“Ricompattarsi” è la significativa parola d’ordine in casa amaranto. La Reggina non cerca alibi, ma intende uscire alla svelta da quella che definisce, dopo tre sconfitte consecutive, una (semplice?) «crisi di risultati». Lo testimonia personalmente il suo presidente: Marcello Cardona, 67 anni, reggino doc, personaggio decisamente autorevole. Sintesi del suo “score”: dal ’97 ha svolto il ruolo di arbitro (32 partite in A e 88 in B); fra l’altro, oltre che questore, è stato prefetto, procuratore arbitrale nazionale (dal 2003 al 2008) e ha ricoperto diverse altre mansioni nell’anticrimine; e non solo.
Al vertice della Reggina – di proprietà dell’imprenditore Felice Saladini – si propone, si cimenta, si batte con passione dal giugno scorso. La Reggina trova l’occasione per l’uscita dal tunnel nella trasferta di sabato alle 14 contro il Cittadella. Successo inderogabile cercasi, ritrovando così la bussola. Volli fortissimamente volli.
Che cosa ha detto ai calciatori ai quali è molto vicino?
«Abbiamo preso atto delle sconfitte – ci dice Cardona senza giri di parole – pur avendo giocato bene tranne che per qualche scampolo. Sì, crisi di risultati. C’è sconforto, ma la squadra ha dato un grande segno di maturità proprio quando è tornata arrabbiata da Palermo. Un segnale importante sul pentagramma dei sentimenti».
Quali echi ha registrato da osservatori di sua conoscenza?
«Guardi, ho avuto modo di parlare con diversi esperti.
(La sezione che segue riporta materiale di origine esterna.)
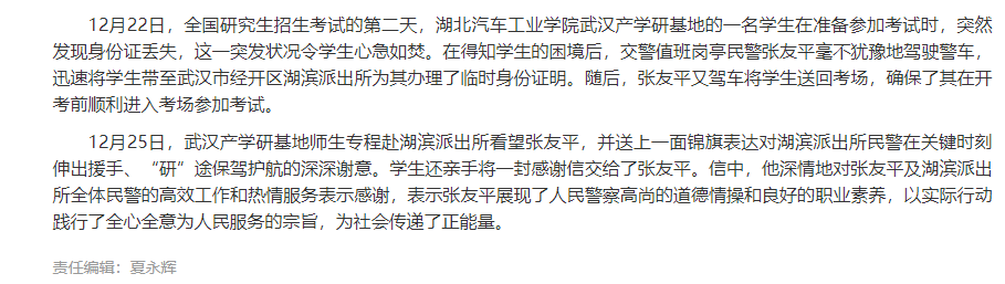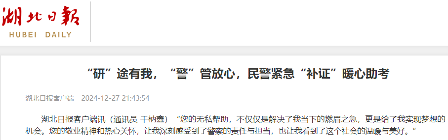 【湖北日报】“研”途有我,“警”管放心,民警紧急“补证”暖心助考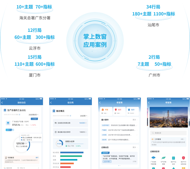 一屏通覽指尖查閱 掌上數(shù)窗充分利用現(xiàn)代信息技術(shù),結(jié)合數(shù)據(jù)可視化,生成有邏輯、隨時(shí)看、全時(shí)段溝通的“口袋 報(bào)表”,提高政務(wù)管理辦公效率。 |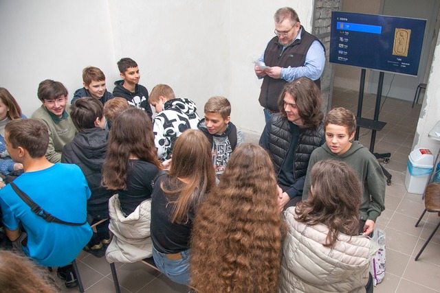 Завершився захід грою "Що? Де? Коли?". Запитання до команд ліцеїстів про найзагадковіший стародавній час підготував науковий співробітник музею Сергій Володимирович Головій. Переможцем стала команда ліцеїстів 8-В класу, за що кожен учень отримав у подарунок пам'ятний значок від музею.

Le cito il pensiero di un dirigente dell’Inter che segue la Serie B per il club nerazzurro. Nel suo rapporto ha avuto modo di affermare che la Reggina produce il gioco migliore del campionato cadetto».
E le sconfitte consecutive allora?
«Viste le partite, l’analisi non è complicata. Quando, sotto di un gol per il rigore di Brunori, abbiamo pareggiato con i rosanero, ero convinto che avremmo vinto con il Palermo».
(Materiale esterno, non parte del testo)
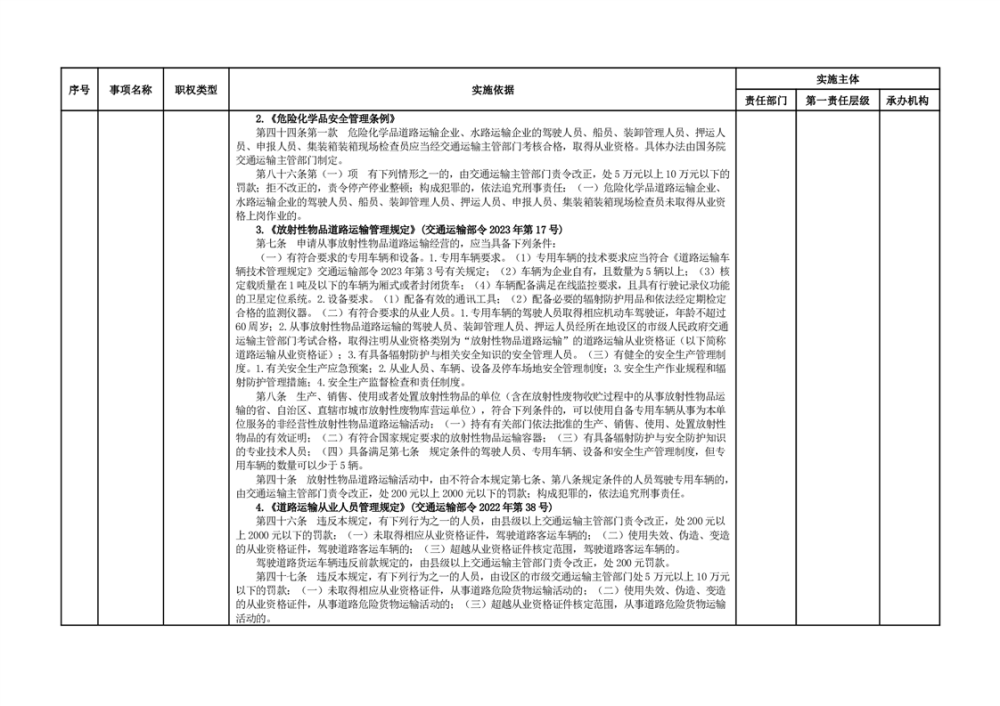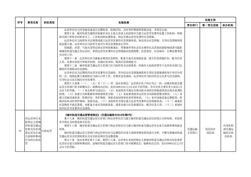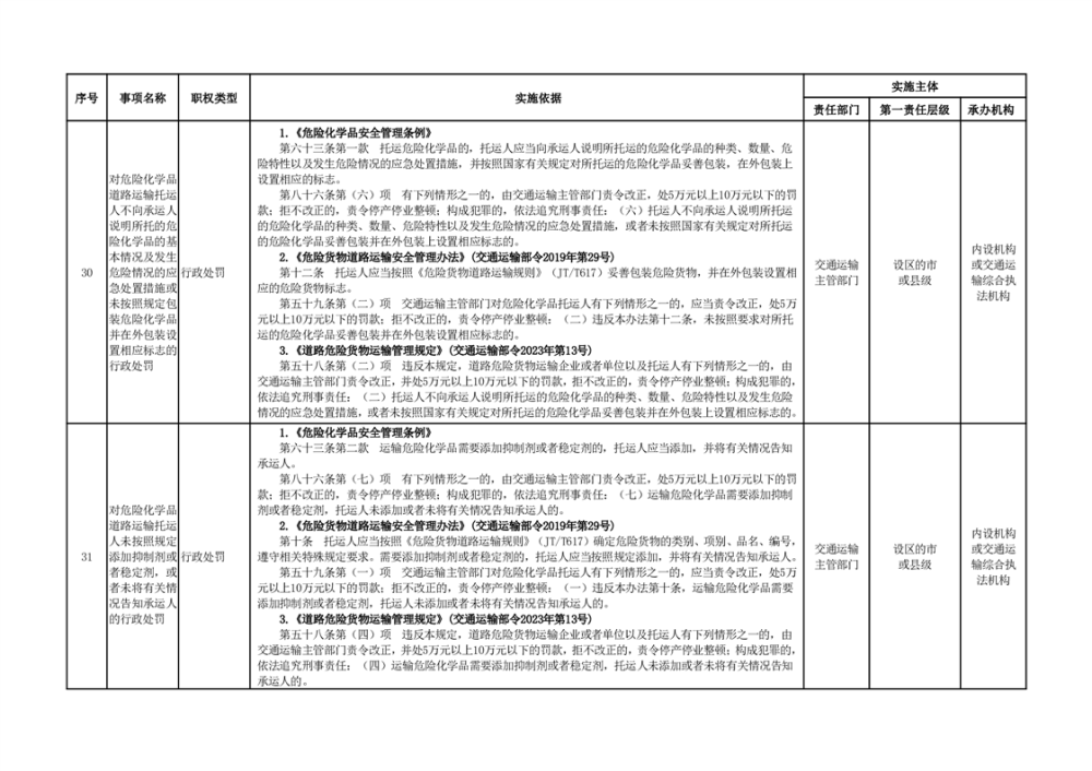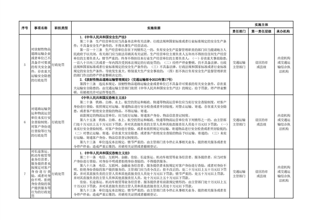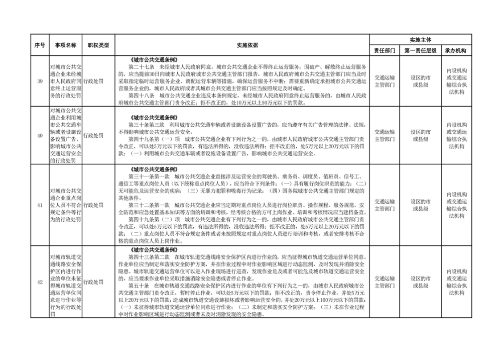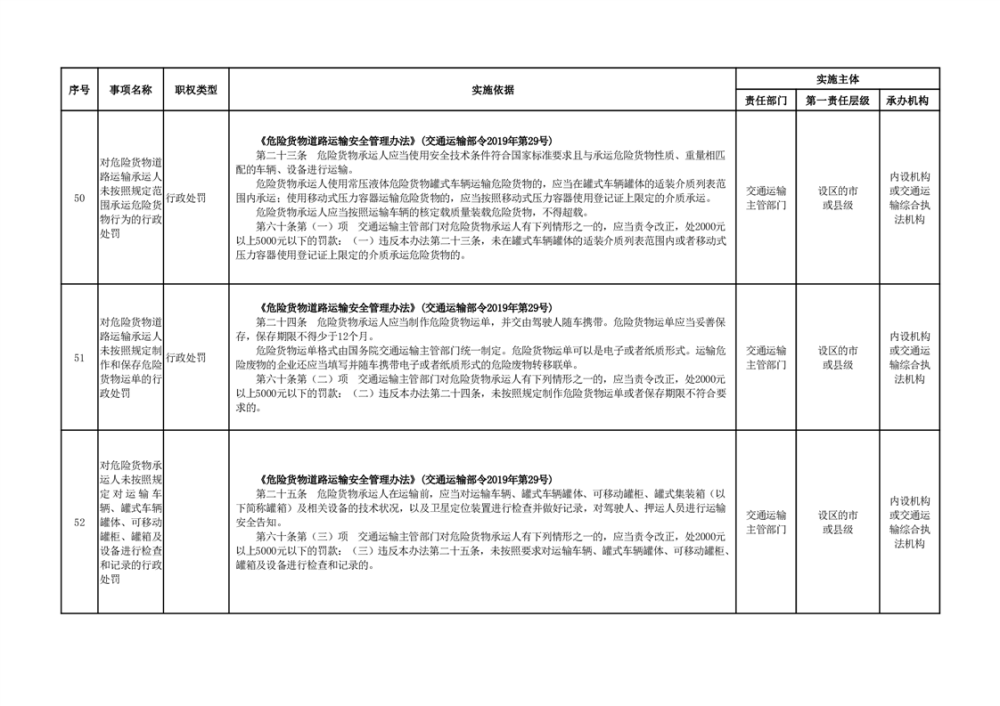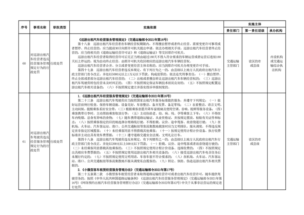 临湘市交通运输综合行政执法事项指导目录 道路运输管理85项

Poi è subentrato il kappaò interno con il Pisa.
«Qui è successa una cosa incredibile. Bisogna essere dentro per sapere come stanno le cose in modo da evitare i facili, gratuiti commenti. Sette dei nostri ragazzi lamentavano febbre e dissenteria, cominciata proprio nello spogliatoio di Palermo. Inzaghi era stato a casa per tre giorni a causa della febbre. Ripeto, non cerchiamo alibi, ma i fatti sono fatti».
La terapia qual è?
«Dobbiamo restare calmi, non farci prendere dall’ansia. Fare attenzione, rimanere uniti, tranquilli. Perciò ho ritenuto eccessivo qualche fischio a fine gara, anche se poi tutto è rientrato e sono subentrate la forza del cuore e la proverbiale generosità del tifo».